Grubb attributes the change to negative net absorption of 40 million square feet, which marked yet another record, the largest quarterly decline of the decade. What’s more, the volume of leasing activity fell 35% from Q4 and 41% from Q1 ’08, while the average lease term of 44.2 months and size of 23,260 square feet were the lowest readings of the decade.

The report says the warehouse/distribution sector accounted for more than half the negative absorption and 85% of new space delivered in the quarter. As a result, vacancies rose by 110 basis points for that segment. By contrast, the vacancy level for R&D/flex space and general industrial space increased by 70 basis points and 10 basis points, respectively.

Though the brokerage reports asking rental rates fell only slightly, it notes that effective rates fell sharply. The former, which stood at $5.57 a square foot per year triple net, was down a mere 1% from Q4 and 3% from Q1 ’08, but the latter was 15% below the level recorded a year ago, as landlords rewarded tenants with generous concessions.

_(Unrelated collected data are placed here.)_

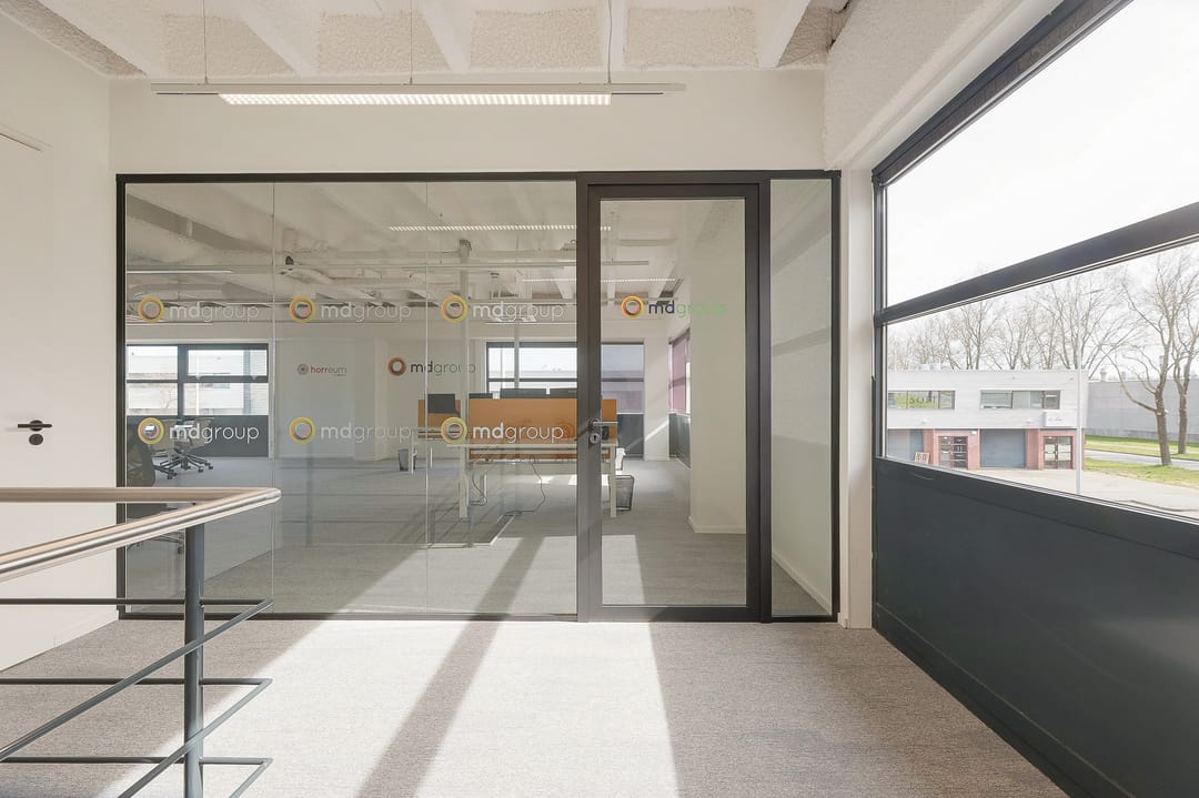 - scheidingswanden van glas of afgewerkt en gesausd
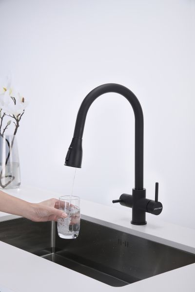 Смеситель под фильтрованную воду с выдвижным шлангом, артикул La214212-401Изготовлен из высококачественной латуни, которая отвечает высочайшим европейским стандартам качества, не содержит свинца, не разрушается со временем и безопасна для здоровья.Вытяжной шланг
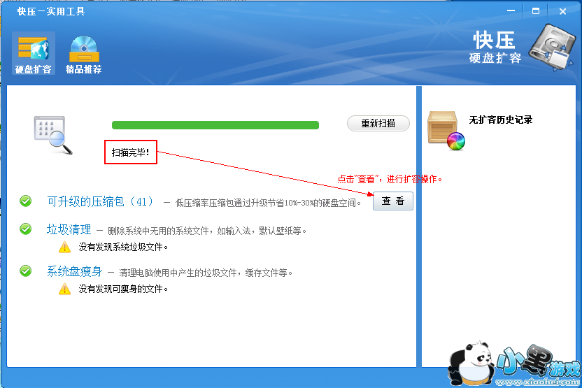 2.进入扩容界面后,自动扫描全盘,把低压缩率的压缩包、垃圾文件、缓存文件等扫描出来。扫描完成后,点击下面分类后面的"查看"按钮,进行升级或清理。
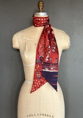 Western whimsy meets feminine flair. The Cactus Kate Silky in Peaches features a bold desert scene filled with cowgirls, cacti, and playful prairie icons—all in rich red and peach tones with hints of navy. Crafted from smooth, lightweight silk, this scarf ties effortlessly at the neck, wrist, or on your favorite hat or bag.
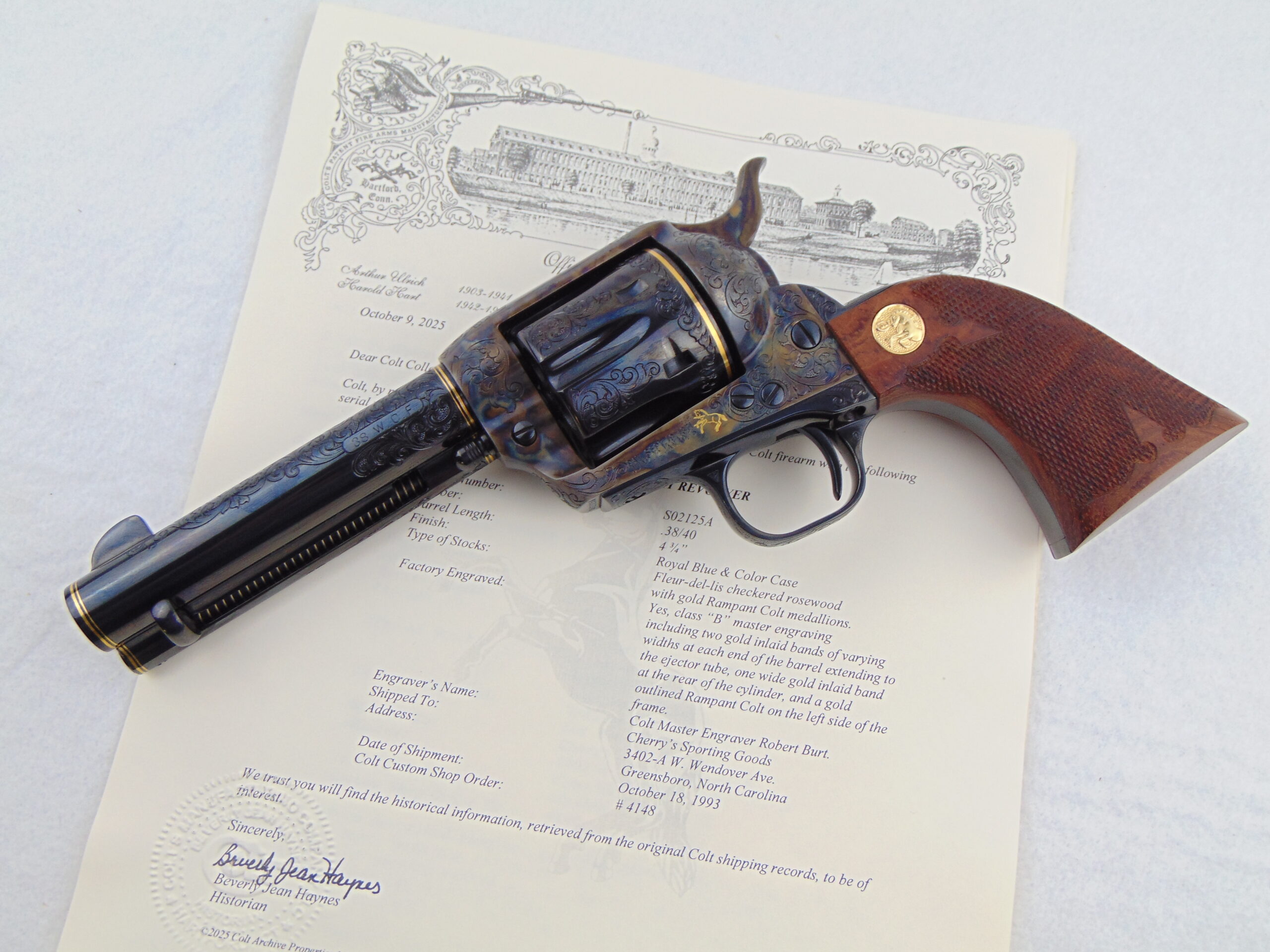 Excellent Bob Burt Factory Colt Master engraved 3rd generation Single Action Army. This masterpiece by one of Colt’s most accomplished engravers features “B” coverage scroll on the frame, barrel, cylinder, triggerguard, and backstrap. Gold inlaid bands on the barrel, ejector tube, and rear of cylinder complement the engraving and the gold inlaid Rampant Colt on the left side of the frame. Revolver features perfectly fitting Colt factory fleur-de-lis checkered rosewood stocks and is finished in Colt’s Royal Blue and color case. Completing the revolver is Mr. Burt’s signature, prominently featured on the underside of the barrel.
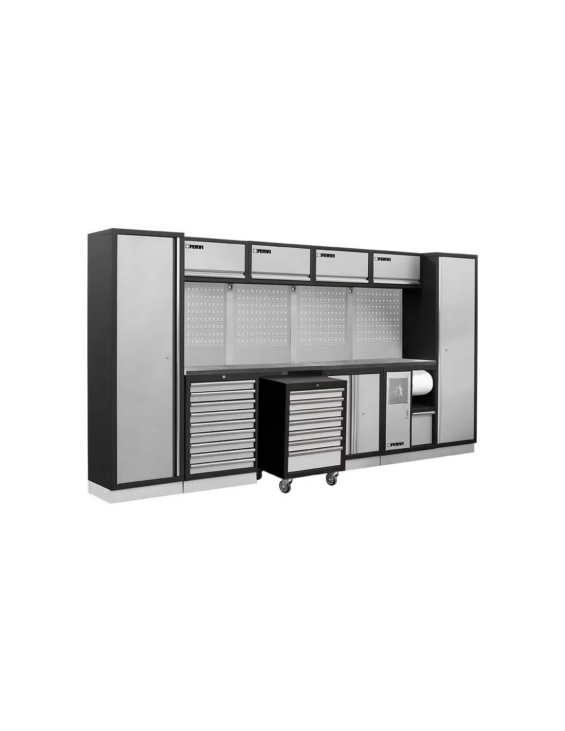 Mobilier atelier modulable avec plateau armoires et tiroirs en inox Fervi a008p
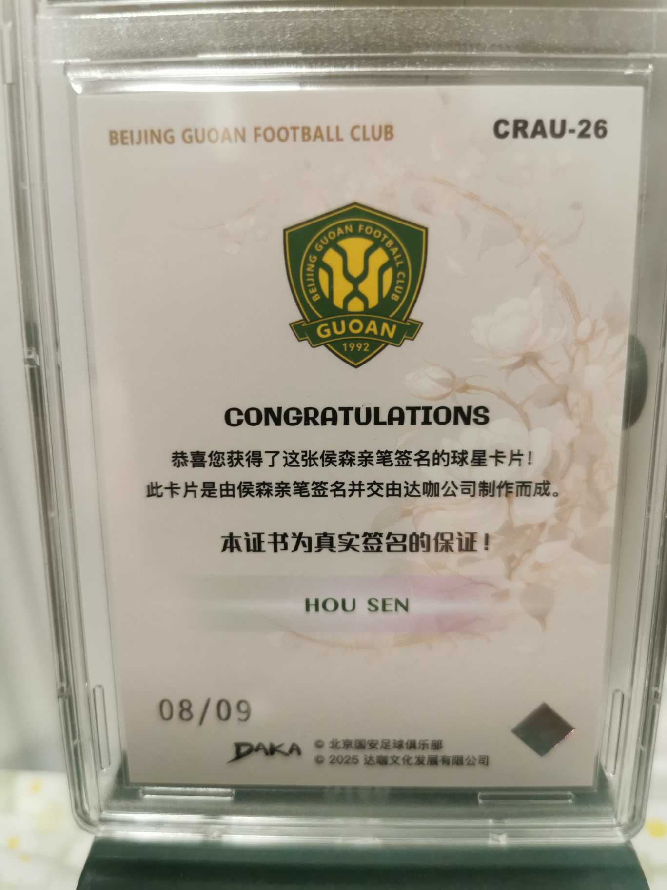 2025 DAKA 北京中赫国安足球俱乐部 侯森 北京国安队盒 侯森 中国玫瑰签名卡 金折 08/09编 低编。GBTC 评级 9/10分 实卡精美 收藏。凑套必备!
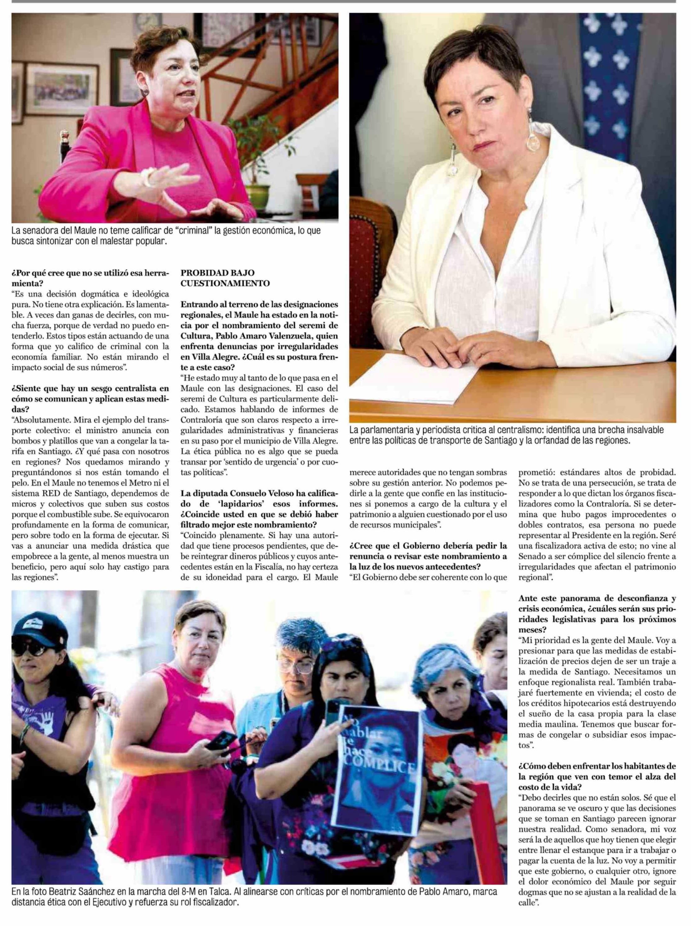 Título: Beatriz Sánchez: "Alza de combustibles es una decisión dogmática que castiga al Maule mientras en Santiago se congela"
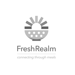 DM0000: The mark consists of a design of a sunburst above a design of a colander with the stylized wording "FRESHREALM" beneath the colander. Beneath the wording "FRESHREALM" is a line and the stylized wording "CONNECTING THROUGH MEALS".
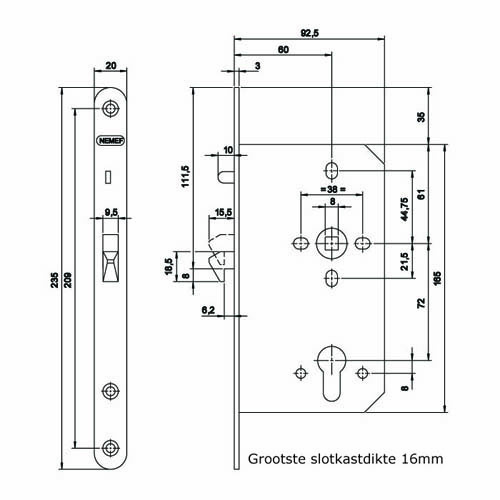 | Materiaal slotkast staal gelakt | |
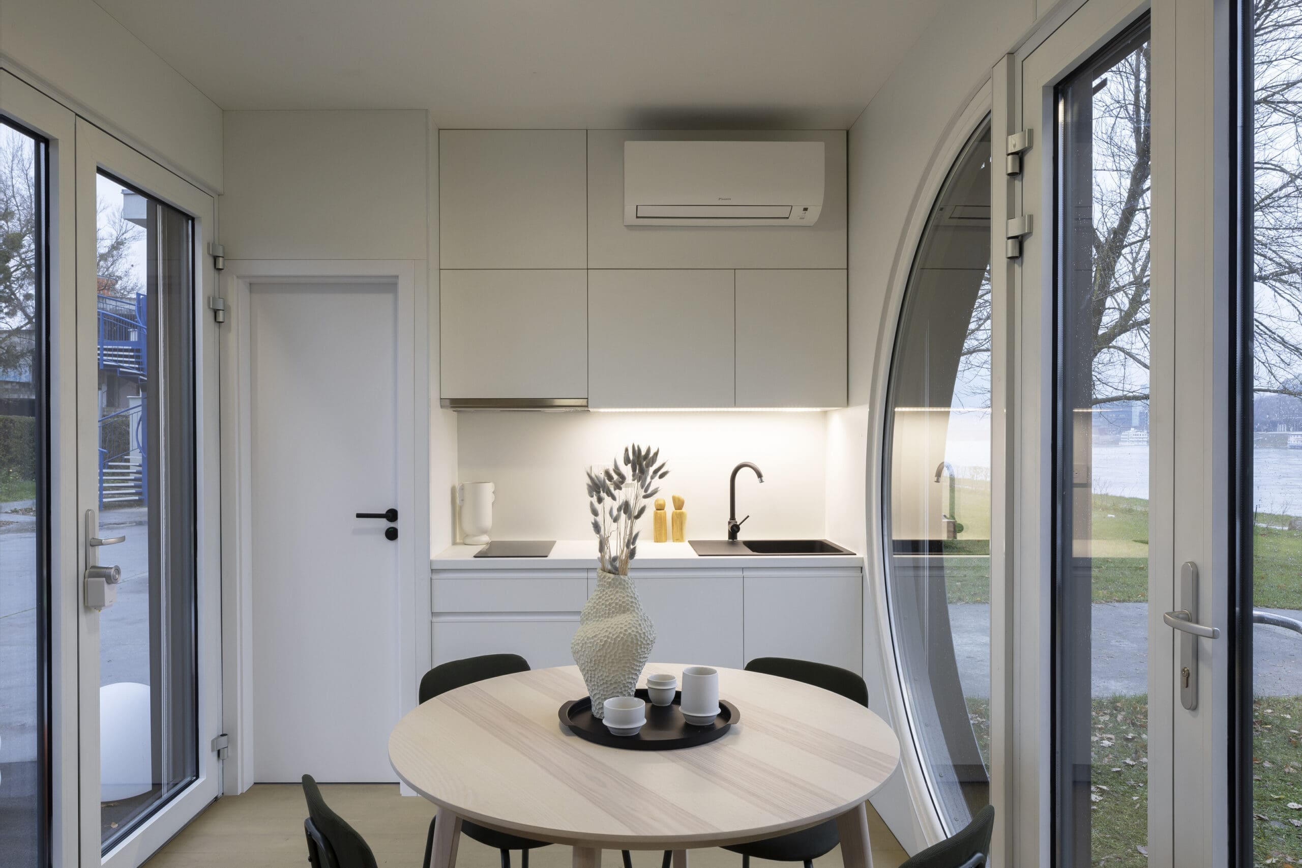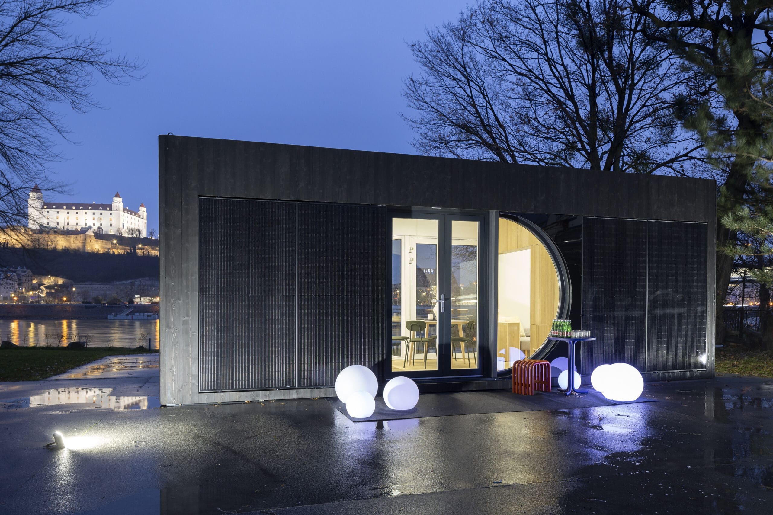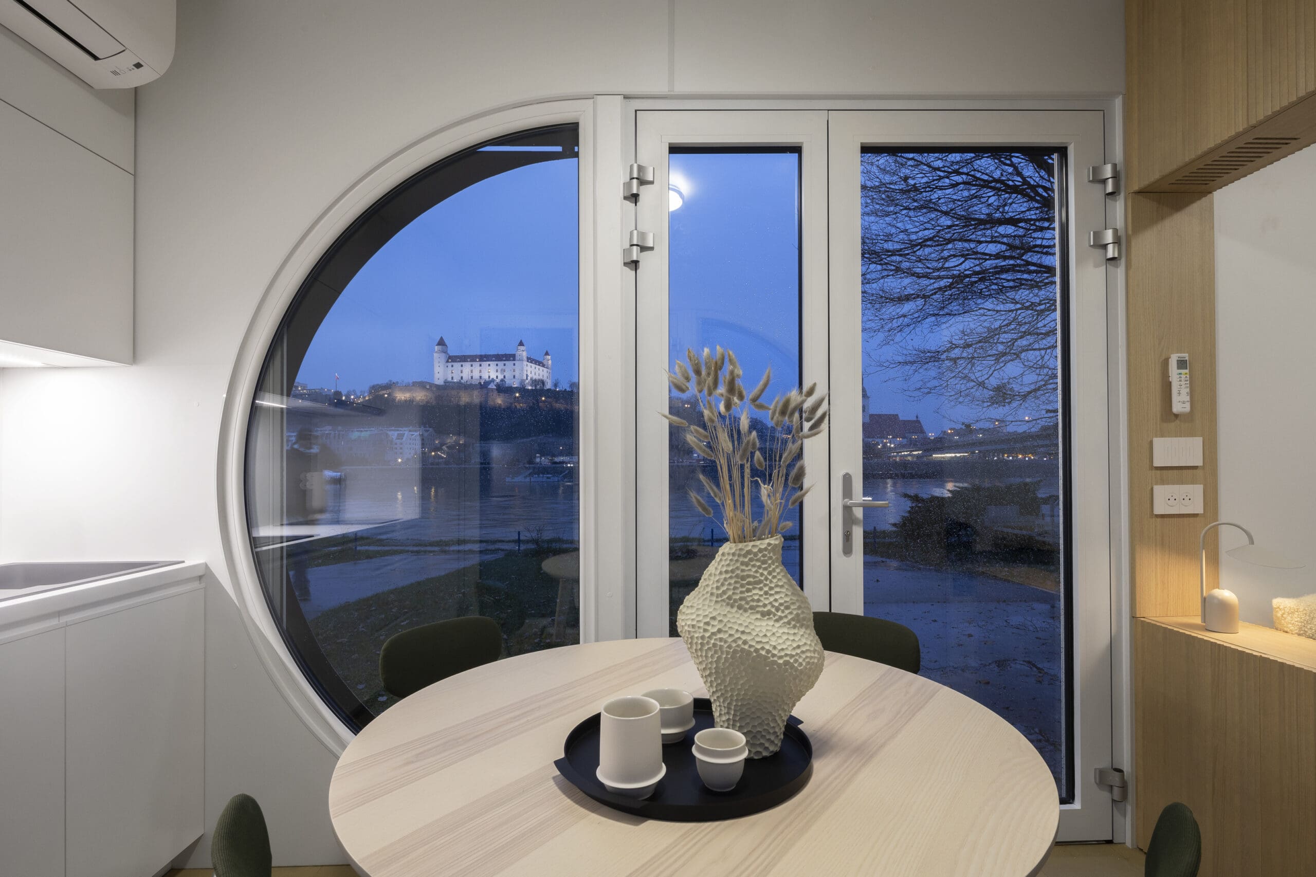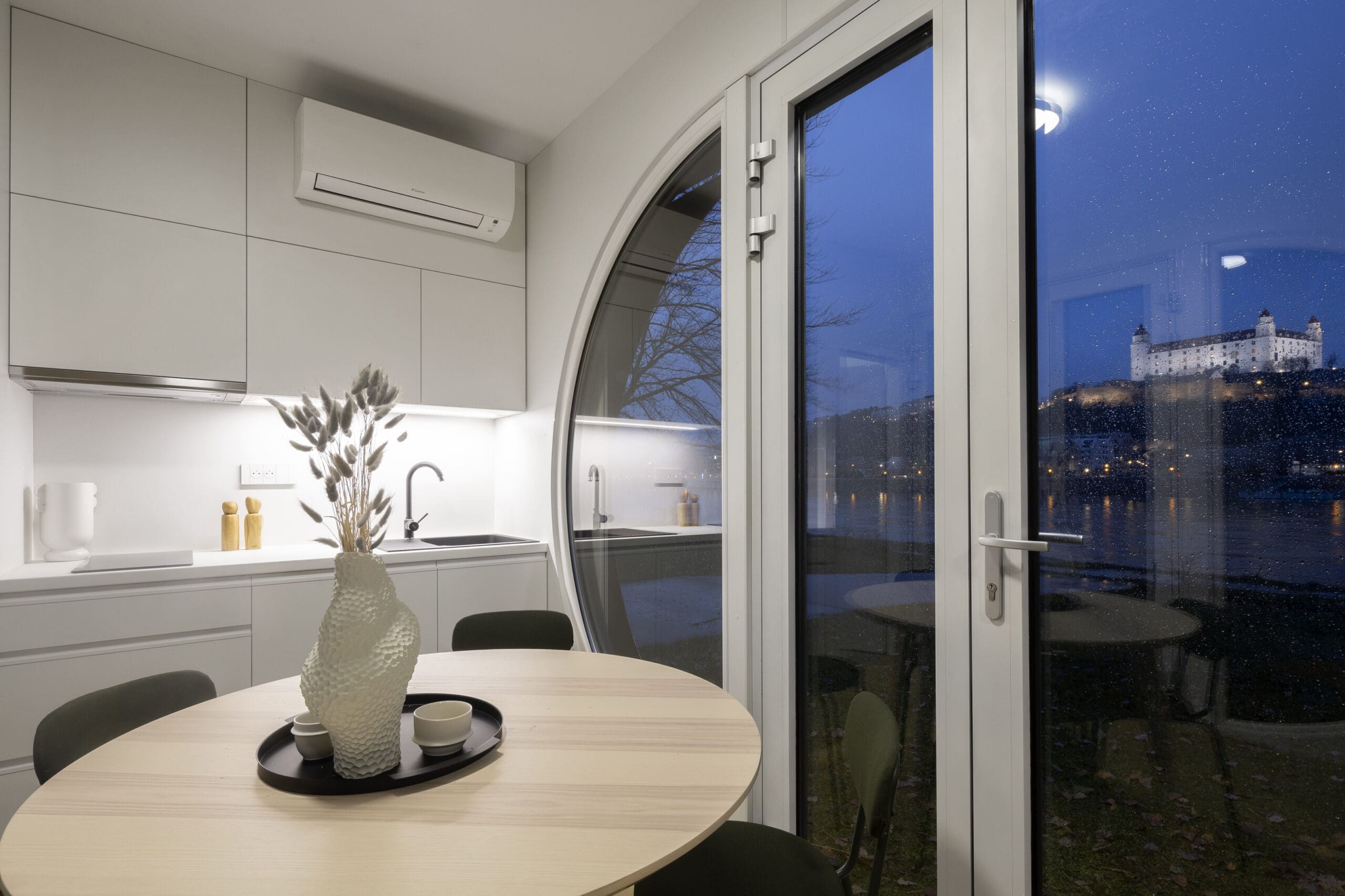 Kompaktný priestor je premyslene navrhnutý s multifunkčným nábytkom, šikovným úložným priestorom a vysokokvalitnými materiálmi, ktoré vytvárajú praktické a príjemné životné prostredie. Dom je vybavený vysokoúčinnými solárnymi panelmi a umožňuje celoročné bývanie mimo sietí bez obetovania moderného komfortu.

As Grubb vice president and chief economist Robert Bach points out, changes of these magnitudes are not uncommon in the office market, but the industrial market typically changes more slowly. “The big increase is a sign of extreme weakness in the drivers of demand for industrial space—consumer and business spending, falling business inventories,shrinking global trade and the troubled manufacturing sector,” he writes in the report.

According to Bach, the plunge in net absorption and rapid increase in vacancies call into question the traditional view that the industrial market is more resilient than other real estate sectors. In particular, he says, big vacancy jumps in Arizona, Nevada, Florida and parts of California reveal how closely the fortunes of the industrial market are tied to the health of the housing market.

Looking toward the future, the report predicts the vacancy rate will almost certainly exceed the 10.1% peak that followed the ’01 recession, but it most likely will top out below the 13.7% peak after the recession of the early ’90s. Grubb expects the market to hit bottom in the second half of next year and begin a sluggish recovery the year after.